There was a student therapist there who often worked with me. I remember on her last day of the rotation, she came and visited me. I asked her about the process of becoming a physical therapist. She told me that it was a doctorate program, that she had traveled international to do some of her rotations, and that it was an amazing thing to see people heal. I agreed, knowing what I had seen in just a few weeks. It was then that I decided I too wanted to be a physical therapist and work in pediatric care. I was so angry at my physical therapists, and still hold some resentment for specific situations, but their results speak for themselves. I always knew I wanted to be in the medical field, however I also knew I didn’t want to diagnose people or have to save them. But I did want to help them find ways to thrive in whatever situation they were given. I wanted to witness what I had that month every month for the rest of my life.

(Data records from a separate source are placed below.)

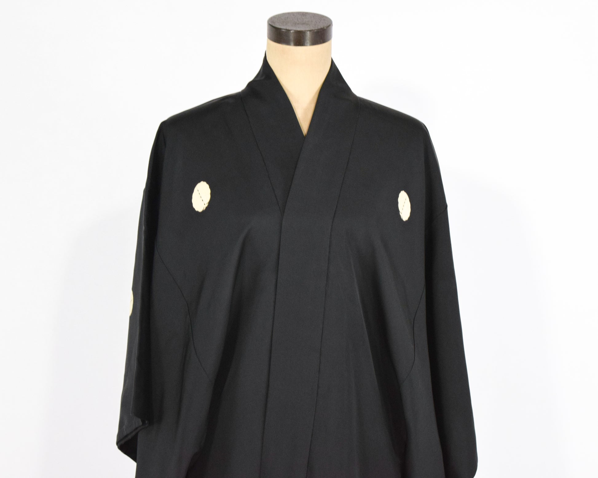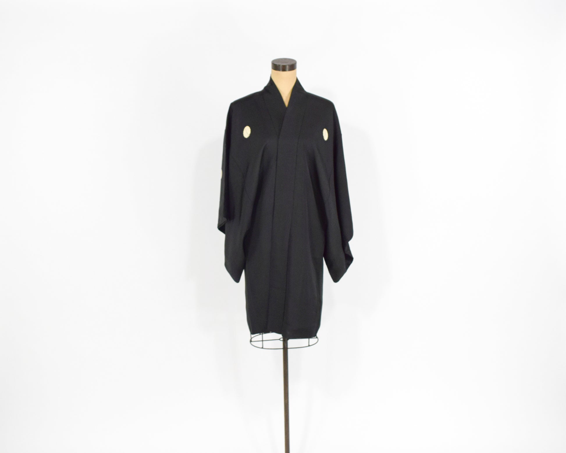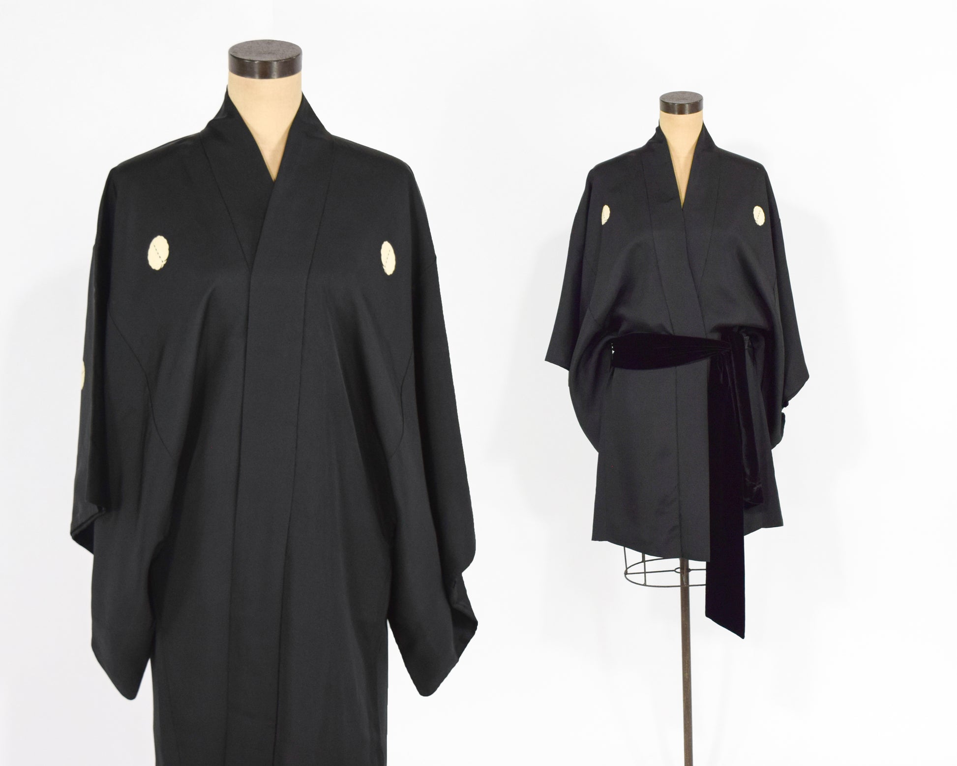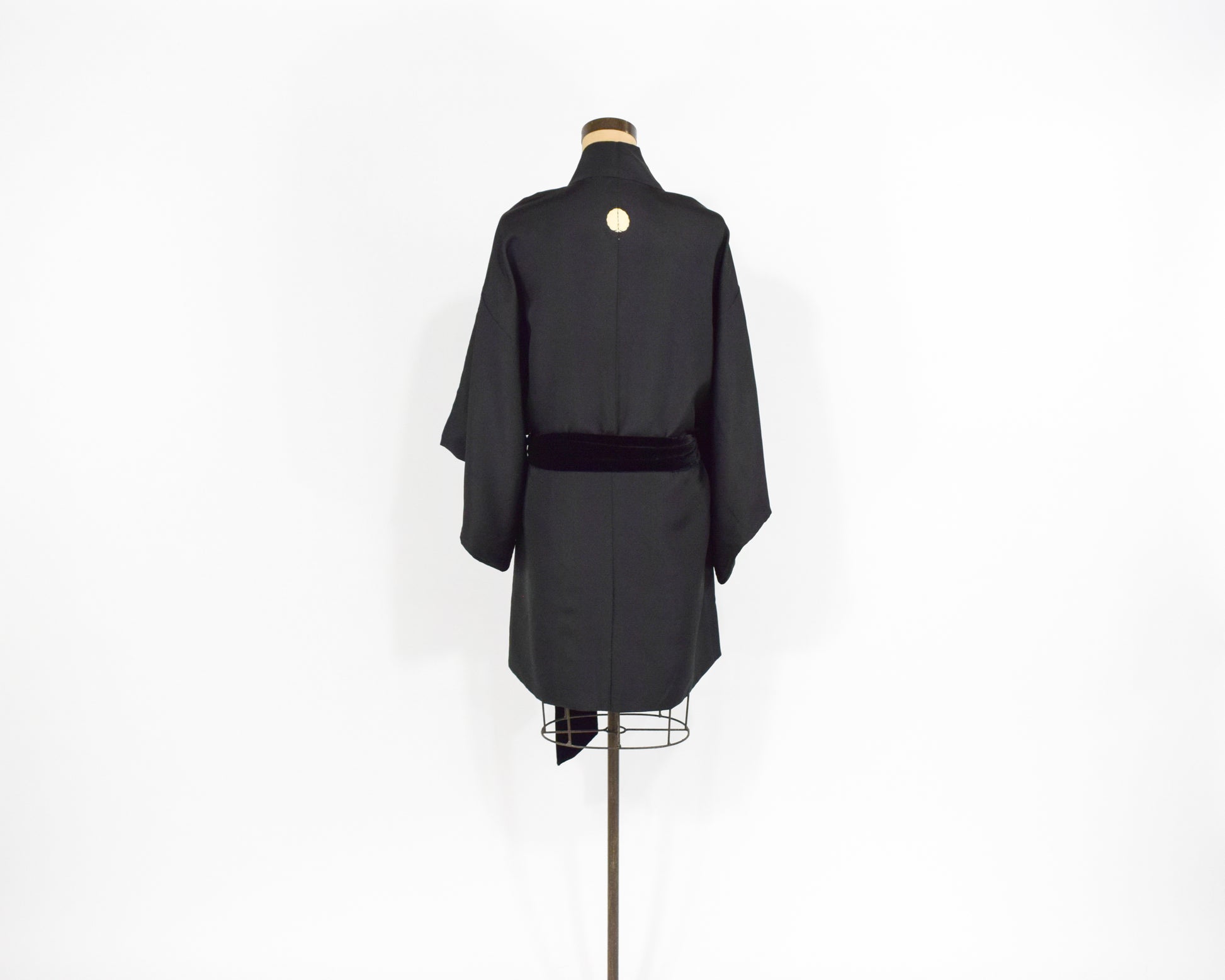Vintage Haori Kimono, Black Bird Print Silk Kimono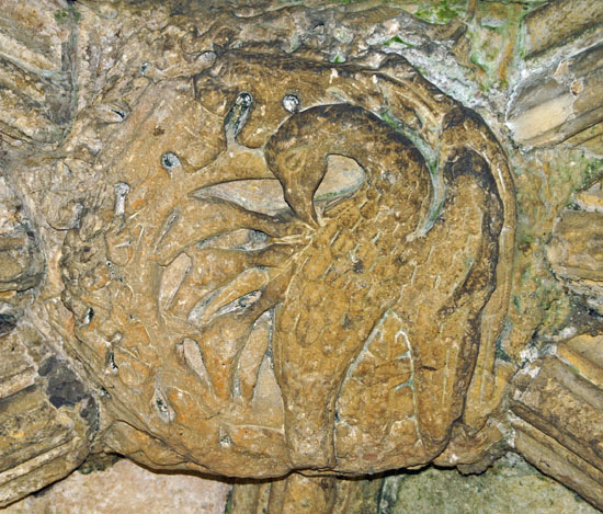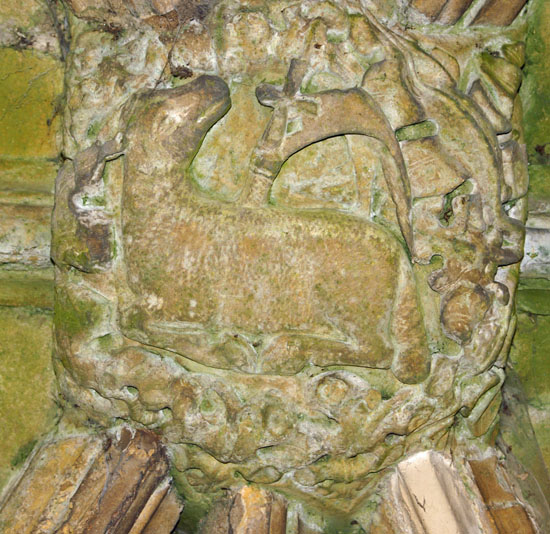 Three of the roof bosses in the porches. To the left is the Pelican in her Piety. Centre is a rose that symbolises the Virgin Mary. To the right is a particularly lovely “Agnus Dei” - the Lamb of God.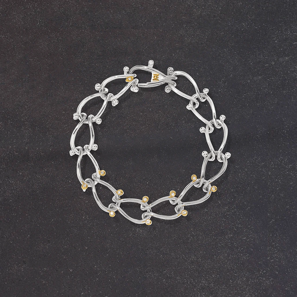 重厚でありながら、滑らかに動く。知恵の輪に着想を得たコマが、噛み合い、連なっていく。クラシックよりひとまわり小さな〈Jr.シリーズ〉は、構築的な存在感を保ちながら、より軽やかに日常に馴染む。シルバーに添えた18Kゴールドのボールと、天然ダイヤモンド。質感の違いが、手元に奥行きあるコントラストを生み出す。つなぎ、ほどき、また姿を変えていく。感性に寄り添う、可変するジュエリー

I remember the day the therapists told me they had a surprise for me. My parents were coming to pick me up that day. It had to be a surprise because I was not allowed to know when I got to go home. I had made a lot of progress and anything more could be done at home now that I was given the tools. I still struggle with the pain in my left arm. Its dull, but it acts up when I am wearing itchy sweaters or get an IV in that arm. When they told me my stay at the hospital was over, I remember being disappointed. I had finally made a home. Jack and Lauren were sent home a few days before and it was just me and Marta left. I had a routine. But it would be good to go back to the home I’d longed to go to for almost a month. I had done something hard. I had thrived in adversity. I had made something terrible into something beautiful, not only for myself, but for my friends.


5 years ago today, I was sitting in a hospital room. I was preparing for my future career, I was making connection that would last a lifetime, and I was finding myself in a way I never could have imagined. Jack is currently working as a CNA, he is considering a couple schooling options, maybe even occupational therapy school. Marta is getting a degree in psychology and art. She wants to be an art therapist. Lauren just started a job as a nurse. Its amazing that those 1 to a couple month shaped each of our lives so greatly and differently. We ended up creating our own little rehab team. Who knows maybe one day we will all end up back on the 8th floor.


We went back to the hospital recently to prematurely celebrate our 5 year anniversary. The therapists, doctors, and nurses still recognize us because we did something most people can’t and turned a hospital stay into chance to find friends, find God, and find our passions.



So, when I am going through things that seem impossible, terrifying, or lonely. I remind myself that 5 years ago today, I was sitting in a hospital room. And because of it I am sure, I am fierce, I am a better me.